The hypothetical planet is so far away, its orbital period around the Sun is estimated at ten thousand years. By comparison, Pluto, the solar system’s best known dwarf, and outermost planet, completes a lap around the Sun in about two-hundred-and-forty-eight years.
But back to Planet Nine. Before even confirming the body even exists, astronomers are trying to figure out its origins. Wouldn’t that be easier once the planet is found? Whatever, some scientists believe it formed relatively close to the Sun, before being dispatched to the solar system’s outer reaches after a run-in with Jupiter.
Others, however, think Planet Nine is an exoplanet, a once rogue exoplanet possibly, that was captured by the Sun, after straying a little too closely to our solar system.
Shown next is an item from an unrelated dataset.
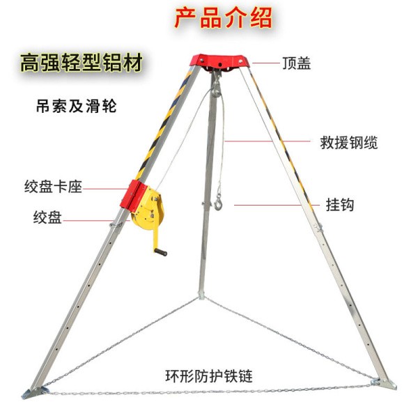 救援三腳架是一種專門設(shè)計用于緊急救援和高空作業(yè)場景的重要設(shè)備,通常由高強度鋁合金或不銹鋼材質(zhì)制成,具有出色的耐用性和承載能力,配備了安全帶、掛鉤等附件,以保障被救援人員或作業(yè)人員的安全。它操作簡便,易于攜帶和部署,廣泛應(yīng)用于消防救援、礦山救援、建筑施工等領(lǐng)域,是保障生命安全的重要工具

The final scenario sounds like a plot line from a B-grade sci-fi movie, and it seems to be comparably unlikely. Planet Nine could be an extraterrestrial invader. “Planet 9 may be an exoplanet in our own solar system,” said Gongjie Li, another astronomer at Harvard’s Center for Astrophysics whose recent modelling paper explores this very possibility, among others.
I’m not sure though I like the notion of Planet Nine being described as “a plot line from a B-grade sci-fi movie”, since it’s an idea I’ve been kicking around, as if it were a cosmic soccer ball, so to speak, in one of my sci-fi writing projects.